Travel tips from the experts
Top Ten Travel Items
- Carry-on bag. One piece of luggage with all your essentials. Remember it must comply with both Asia and US overhead baggage regulations (no larger than 14"x9"x22"). Keep you “airplane survival supplies” in it. With our family that includes some “real food” for the flight, such as instant cup of noodles, in addition to snack foods. Ditto on a change of clothes for kids. Lip balm to combat the dry airplane compartment air and a portable DVD player rounds out my list for the carry on bag “survival kit”.
- Medication and glasses. Make sure you have your prescription drugs, vitamins and glasses packed in both checked and carry-on luggage. If one gets lost you still function without a hitch. Replacing glasses or prescriptive meds in another country is a waste of valuable time and effort, better spent on the fun sights.
- Money belt. Pickpockets are pretty common in Southeast Asia and most Westerners are not aware enough of the subtle ways a pickpocket can nab your valuables. While Asia’s overall crime rate is much lower than the US, pickpockets are more common. A moments’ carelessness can cause great interruption and inconvenience for your trip.
- Passport holder. Ditto on the pickpockets interest in a US passport. Carry a small passport purse around your neck, and under a jacket or shirt, for security and easy access. Keep passports and tip or small money amounts there for easy access. You can transfer more money from your belt at discreet moments, and not open up your traveling cash for merchants and pickpockets to notice.
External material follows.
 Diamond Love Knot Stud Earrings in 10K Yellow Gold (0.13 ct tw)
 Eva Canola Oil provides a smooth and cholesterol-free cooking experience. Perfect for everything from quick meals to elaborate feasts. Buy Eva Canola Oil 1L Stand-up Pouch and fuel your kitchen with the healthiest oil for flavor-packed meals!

- Backpacks are great. I would recommend the padded, double strap for both
shoulders, which wear well all day long without straining neck muscles. These are great for keeping your hands free, as well as carrying essentials for adults and activities or a journal for the kids.
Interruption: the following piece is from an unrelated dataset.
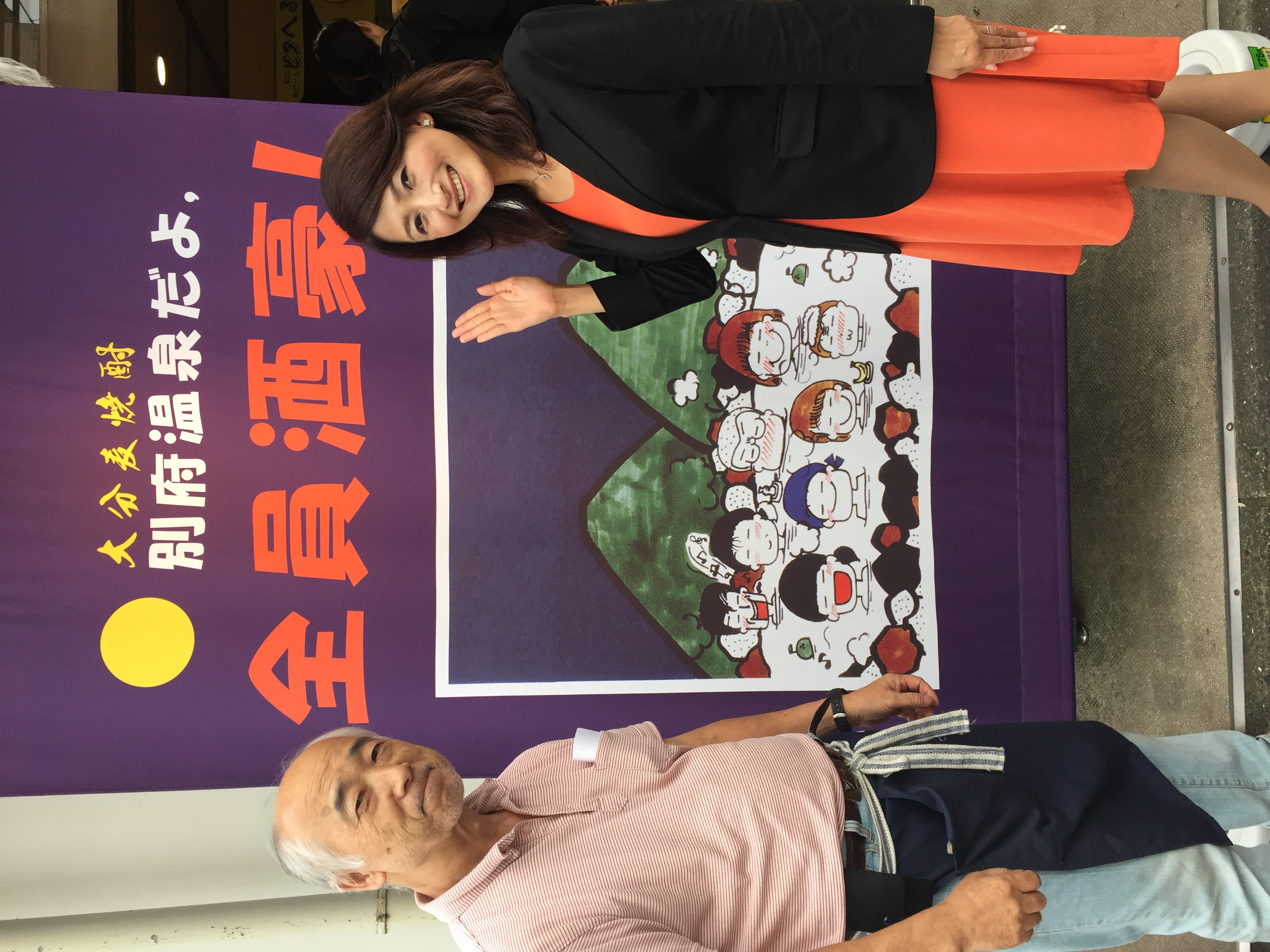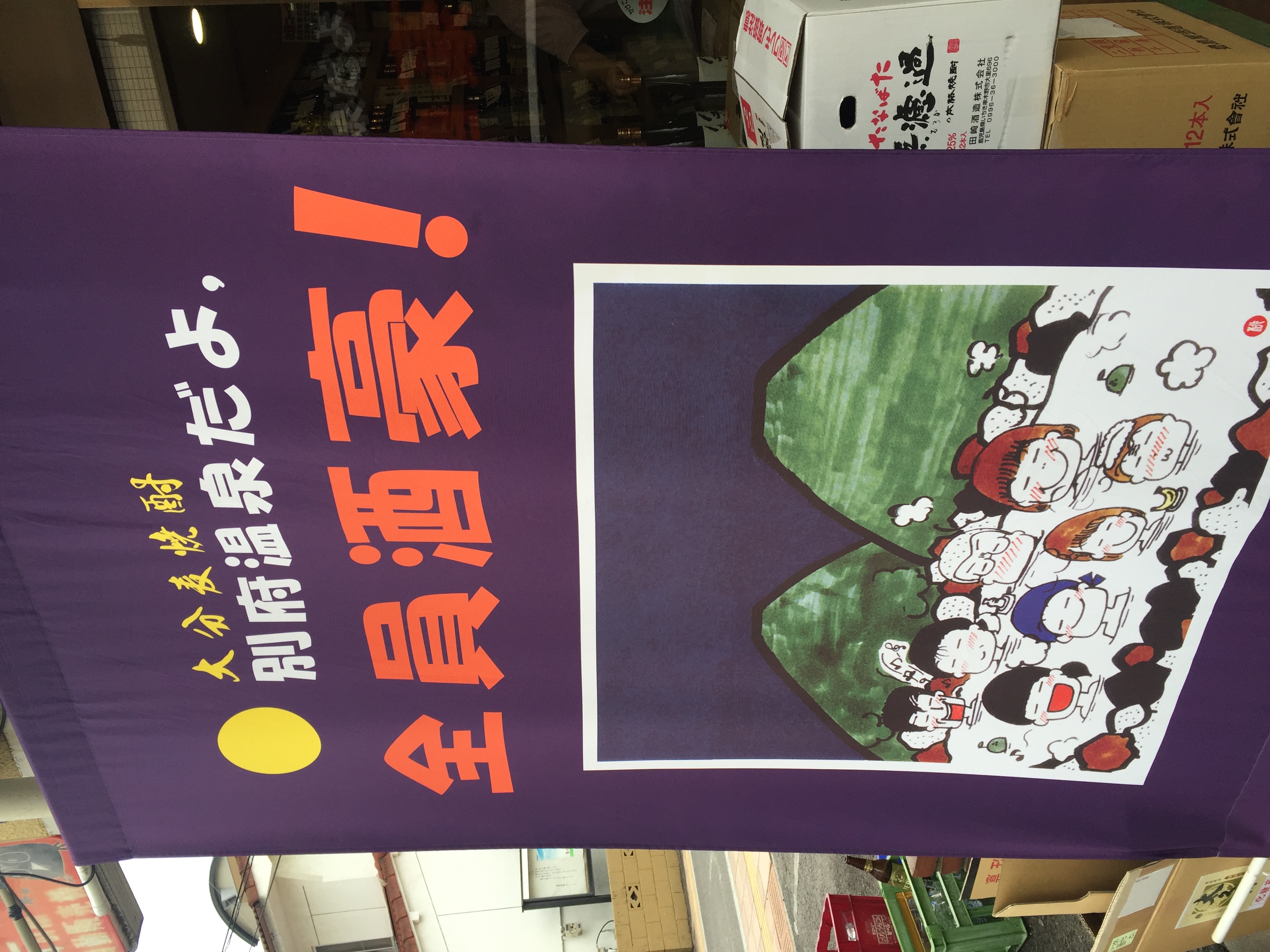 会場に入る前に見た「別府温泉だよ!全員酒豪」と書かれたのぼりがある酒屋さんの話をしましたら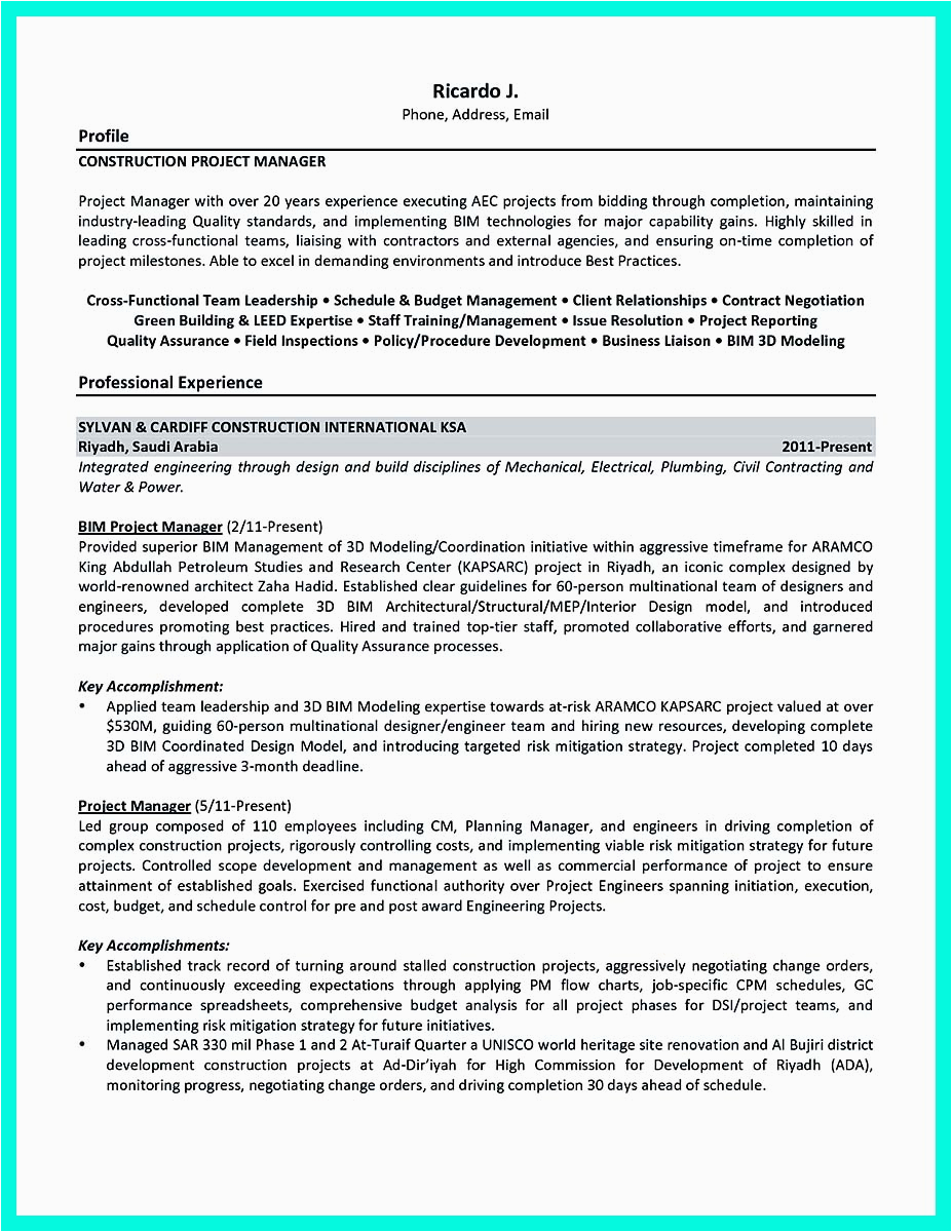 9 photos of the Construction Project Manager Resume Samples Free

- Plastic baggies. These little gems have incredible usefulness and not just on an adoption trip. They can save your suitcase from leaky toiletries, pack a snack, organizing dirty clothes or just keeping organized away from home, and a thousand other uses.
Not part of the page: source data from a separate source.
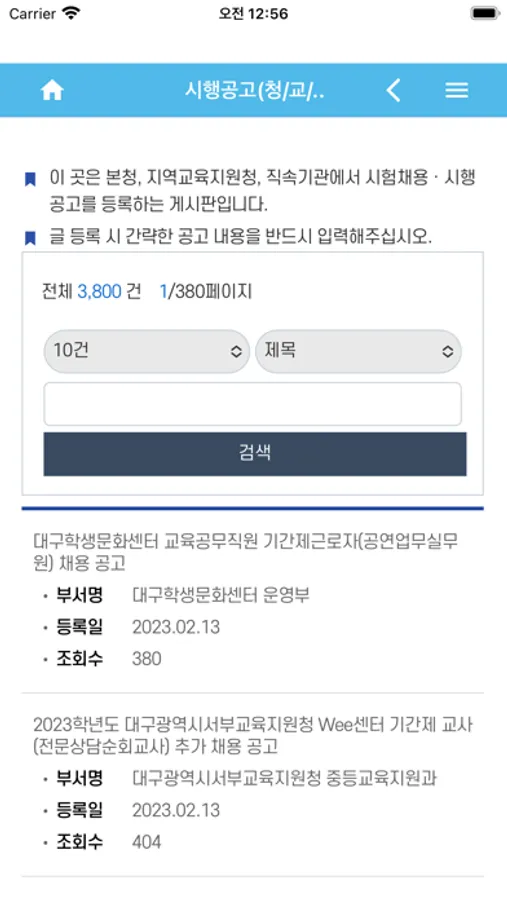 - 대구교육 알리미의 공지사항을 확인할 수 있습니다.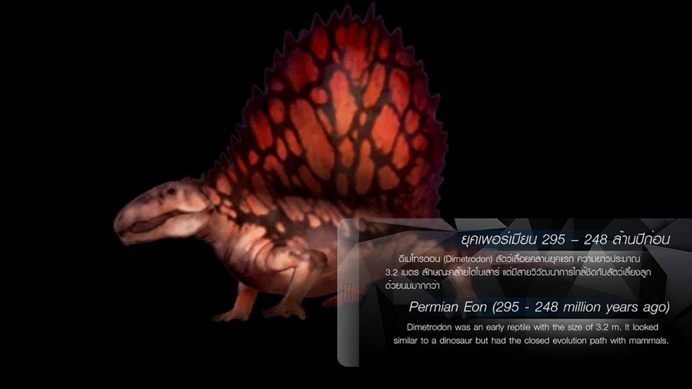 ร่วมค้นหาและสำรวจสิ่งมีชีวิตดึกดำบรรพ์ในอดีต ตั้งแต่สิ่งมีชีวิตเซลล์เดียวในยุคอาร์เคียน วิวัฒนาอย่างต่อเนื่องในแต่ละยุคจากสิ่งมีชีวิตเซลล์เดียว สิ่งมีชีวิตไม่มีกระดูกสันหลัง สิ่งมีชีวิตมีกระดูกสันหลัง ค่อยๆ วิวัฒนาการและปรับเปลี่ยนรูปแบบการดำรงชีวิต สู่สิ่งมีชีวิตมีกระดูกสันหลัง กลุ่มสัตว์เลี้ยงลูกด้วยนม ยืนสองขา ซึ่งได้แก่สายพันธุ์บรรพบุรุษของมนุษย์ในปัจจุบัน เพียงสแกน AR* ลงบนผนังบอร์ดลวดลายสิ่งมีชีวิตดึกดำบรรพ์ เพื่อให้ภาพสิ่งมีชีวิตในยุคดึกดำบรรพ์แต่ละชนิดปรากฏขึ้น และถ่ายรูปเก็บไว้ได้อีกด้วย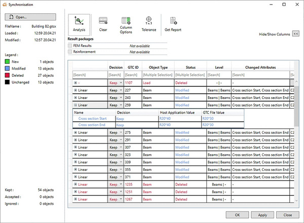 使用Graitec GTCX格式同步数据期间使用的对话窗口已被修改。这使得同步模型的过程变得更加容易和快捷。通过新选项,用户可以更好地控制同步数据。在众多改进和新功能中,我们可以提到轻松过滤数据的能力、轻松的表配置、更清晰的状态和变化呈现以及基于树的数据结构。此外,还可以选择导入到 Autodesk Revit 的结果范围。

- Sanitation Supplies. A bottle or two of hand sanitizer and your own supply of
Kleenex or toilet tissue are important. If you do have Western-style toilets at all of your stops, you may not find an adequate supply of paper there. With frequent contact with numerous people in tourist areas, you’ll want to make use of hand sanitizer or wipes to keep germs at bay and family members healthy.
- First aid kit. A small, but well-stocked travel medical kit can save the day many times. You want to be able to take care of minor scrapes and bruises easily. An obvious list is: bandages, aspirin, antiseptic. A few other items also top the list: bug spray/ointment, tweezers for splinters or other such emergencies.
- Door stopper. If you are traveling off the beaten path, or even if you’re not, a simple added security measure is to carry a rubber door stopper. It is light and easy to slip under any hotel room door for that added measure of security for your family. Good tip wherever you travel.
- Cameras. This is a very individual choice for families. Something to consider are options to record key moments of your trip without interfering with the experience. Some cameras can take still photos and video; this may be worthwhile to allow all family members to fully experience the trip. Or, if friends or extended family travel, one or two may be designated to capture key moments of the trip.